All pictures are to be skipped; retype only the lines from the top of the entries through the line with "Slika 6: Cerkev sv. Nikolaja", both included.

<<<<

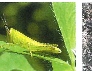
ツチイナゴ 幼虫 25mm 涙目が特徴
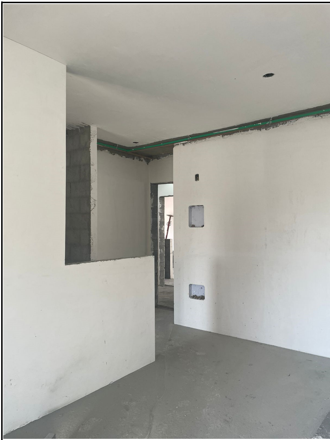
Execução de gesso liso e contra-piso cimentado.
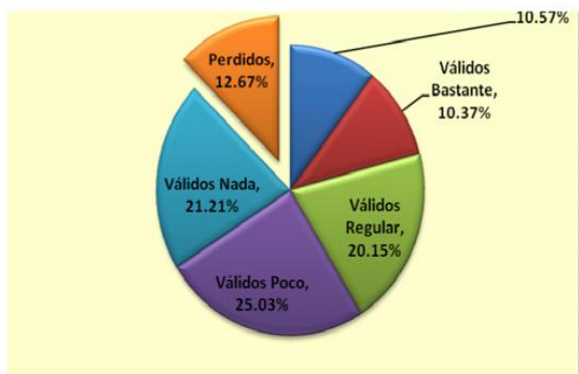
Fig 3: Usos de Internet: subir imágenes a sitio Web

Los porcentajes de uso de Internet disminuyen fuertemente cuando se analizan los datos relacionados con la incorporación de imágenes a los sitios Web de los estudiantes. En el cuadro y el gráfico n° 03 se observa que un porcentaje similar de estudiantes, alrededor de un 10.5 %, suben imágenes a su sitio web con mucha o bastante frecuencia. Sin embargo, el 21.21 % de los estudiantes encuestados nunca han subido imágenes a su sitio web, y el 25.03% realizaron pocas veces esta acción.
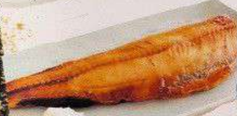
鱈ホッケ(半身) 250円 SHIMA HOKKE (HALF)
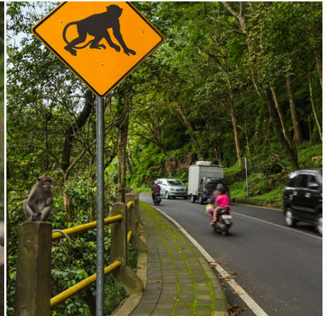
Verkehrsschild auf Bali, Indonesien
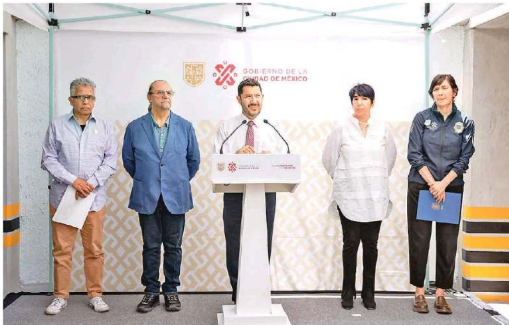
En conferencia de prensa, el jefe de Gobierno de la CdMx informó que el operativo será apoyado con 90 vehículos, 22 motopatruillas y cinco grúas
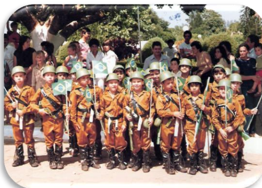
Foto 356- Desfile em comemoração ao aniversário de Lutécia
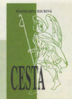
CHEMIN en slovaque
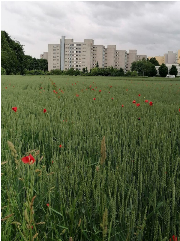
Blick auf die Wohnanlage
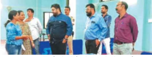
खासदार डॉ. श्रीकांत शिंदे यांच्या मार्गदर्शनाखाली खेळाडूंना सोयीसुविधा देण्यास सुरुवात
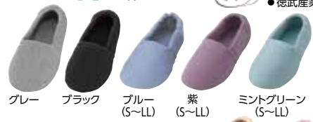
グレー ブラック ブルー (S~LL) 紫 (S~LL) ミントグリーン (S~LL)

品名 エスパド エスパドワイド 両足(税抜) 3,520円 (3,200円) 3,960円 (3,600円) 片足(税抜) 1,760円 (1,600円) 1,980円 (1,800円) ベージュ (S~LL) ピンク (S~LL)
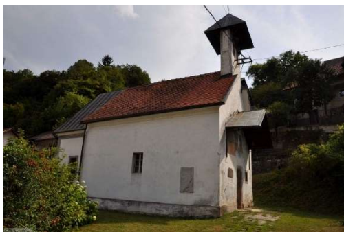
Slika 6: Cerkev sv. Nikolaja

V cerkvi sv. Roka, ki je bila posvečena po času kuge, so kasneje hodili romarji in prosili za zdravje oseb katere so zbolele za kugo ali gobavostjo, verjeli so, da romanje k njej da posebno moč in da ozdravi bolnega človeka.
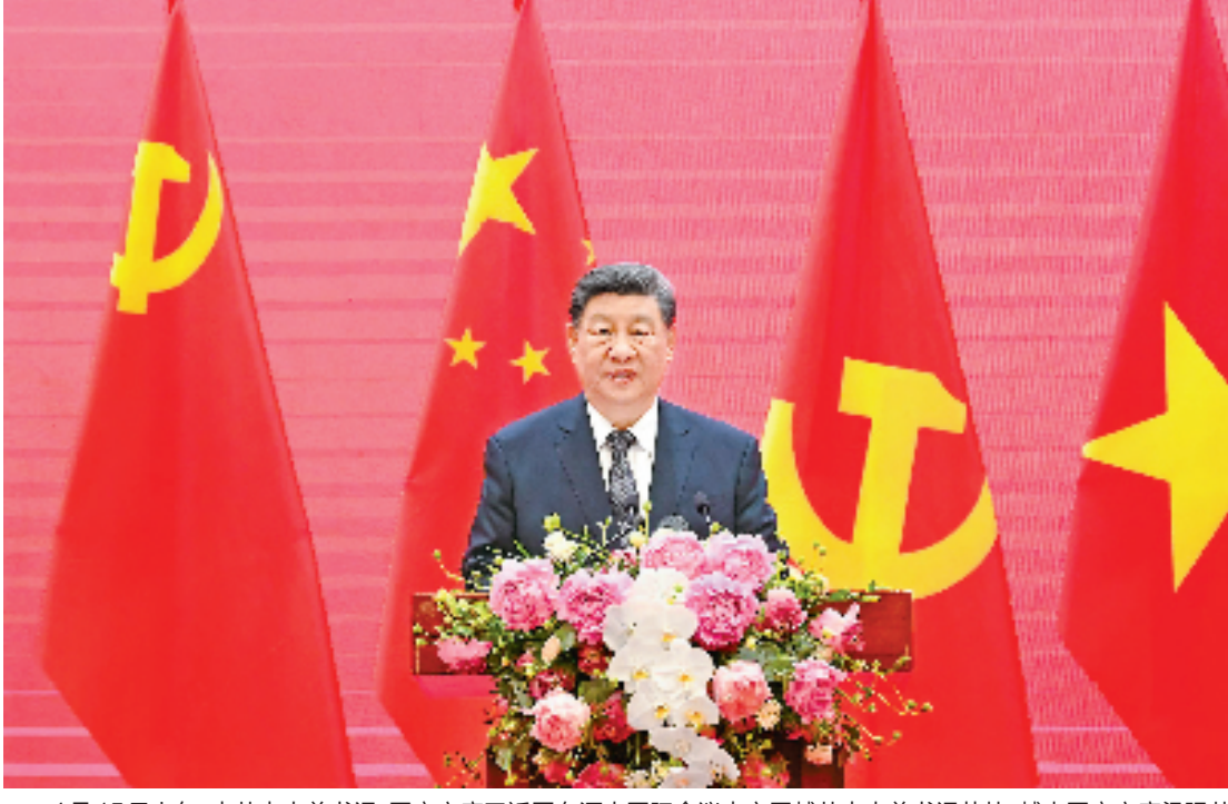
4月15日上午，中共中央总书记、国家主席习近平在河内国际会议中心同越共中央总书记苏林、越南国家主席梁强共同会见中越人民大联欢活动代表。这是习近平发表题为《奏响睦邻友好主旋律 共谱命运与共新篇章》的致辞。

习近平强调，中越友好在两国人民守望相助中生根发芽，两国人民在争取国家独立和民族解放的正义事业中并肩战斗，给“同志加兄弟”的深厚情谊印染了鲜红底色。中越友好在两国人民团结协作中开花结果，双方锚定“六个更”总体目标，坚定支持彼此走符合本国国情的社会主义道路，不断取得社会主义建设事业新成就。中越友好在两国人民共同追求中传承升华，双方积极践行全球发展倡议、全球安全倡议、全球文明倡议，坚定捍卫国际公平正义，始终坚定站在历史正确一边、时代进步一边，为亚洲

>>>>

### Solution to the exercise
ツチイナゴ 幼虫 25mm 涙目が特徴
Execução de gesso liso e contra-piso cimentado.
Fig 3: Usos de Internet: subir imágenes a sitio Web

Los porcentajes de uso de Internet disminuyen fuertemente cuando se analizan los datos relacionados con la incorporación de imágenes a los sitios Web de los estudiantes. En el cuadro y el gráfico n° 03 se observa que un porcentaje similar de estudiantes, alrededor de un 10.5 %, suben imágenes a su sitio web con mucha o bastante frecuencia. Sin embargo, el 21.21 % de los estudiantes encuestados nunca han subido imágenes a su sitio web, y el 25.03% realizaron pocas veces esta acción.
鱈ホッケ(半身) 250円 SHIMA HOKKE (HALF)
Verkehrsschild auf Bali, Indonesien
En conferencia de prensa, el jefe de Gobierno de la CdMx informó que el operativo será apoyado con 90 vehículos, 22 motopatruillas y cinco grúas
Foto 356- Desfile em comemoração ao aniversário de Lutécia
CHEMIN en slovaque
Blick auf die Wohnanlage
खासदार डॉ. श्रीकांत शिंदे यांच्या मार्गदर्शनाखाली खेळाडूंना सोयीसुविधा देण्यास सुरुवात
グレー ブラック ブルー (S~LL) 紫 (S~LL) ミントグリーン (S~LL)

品名 エスパド エスパドワイド 両足(税抜) 3,520円 (3,200円) 3,960円 (3,600円) 片足(税抜) 1,760円 (1,600円) 1,980円 (1,800円) ベージュ (S~LL) ピンク (S~LL)
Slika 6: Cerkev sv. Nikolaja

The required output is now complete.